The 60,000 square foot building is five stories tall and now houses seven dance studios, which are utilized by company dancers and several thousand ballet students of all ages, as well as different community groups. The largest studio came out of the renovation process with the most significant change. On one side of the studio, a glassed-in boardroom overlooks the rehearsal space. On the other side, a panoramic view of the city glimmers.

"We want to make it so that being in this building gives people a sense of what goes on here," he said. "The boardroom overlooking the dancers is a great example of that."

While company dancers are relishing their new digs, community members who attend classes, offered for toddlers to adults of any age, are also enjoying the new energy of the building and the seasonal excitement surrounding this year’s Nutcracker performance.

"It’s really magical, especially this time of year, to see the racks of [Nutcracker] costumes coming in and out of the building," said South End mom Jennifer Ashburn, who has taken her six-year-old daughter to the Nutcracker performance for several years now.

Ashburn’s daughter has been enamored with ballet since she was old enough to move around, but through youth classes at the Boston Ballet, she and her classmates have begun honing their skills, mastering the French jargon associated with the sophisticated dance, and working on skills like cooperation and following directions.

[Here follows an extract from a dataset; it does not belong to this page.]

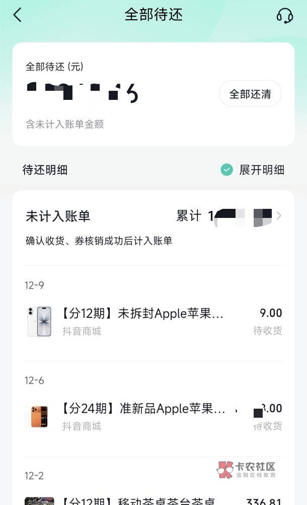 我的一千额度,弄三个苹果了,欠二万多了

Although she gets to see the magic of the Boston Ballet from the inside, Ashburn looks forward to seeing the building utilized more by the community in the future. She compared the Boston Ballet’s prospective involvement with the neighborhood to First Fridays in the SoWa District - opening the doors so that the public does not feel intimidated by the art.

"That’s something I look very forward to seeing more of: a very local community link," she said.

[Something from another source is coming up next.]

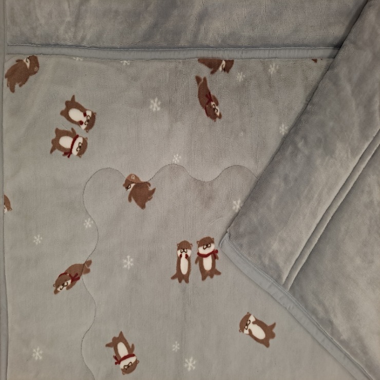 わた入り毛布(シングルロングサイズ・FIBER HEAT)カワウソ柄

Part of that link will be achieved through the addition of bleacher seats in the Boston Ballet’s largest studio, which will give the space the ability to be transformed into a black box theater to be utilized by the company and students, but also the community as a whole.

For company dancer and teacher Sarah Wroth, the renovations have contributed to a subtle change in the artistic atmosphere at the Boston Ballet.

Nine years ago, Wroth sat on the tired, pink carpet that used to line the floors of the Boston Ballet, waiting for her first "cattle call" audition. These days, she walks "clean, new, pretty, functional" hallways, with nooks and crannies that offer some solitude and open spaces that create a sense of community. The building also boasts a new physical therapy room that the dancers can use when recuperating from dance-related injuries, as well as for preventative therapy aimed at protecting their bodies from the heavy wear and tear of ballet.

"A lot of the updates that have affected me are spiritual," she said. "There’s enough dynamic [design] here to represent the dynamics in the group, which is really refreshing."

She added, "The color...the life, is us, the dancers. I think that’s really great."

Lauren DiTullio is a student in the School of Journalism at Northeastern University. Originally from Connecticut, she is happy to have landed in Boston, proud to be a Husky, and honored to be able to bring her lifelong passion for writing to the South End’s vibrant community.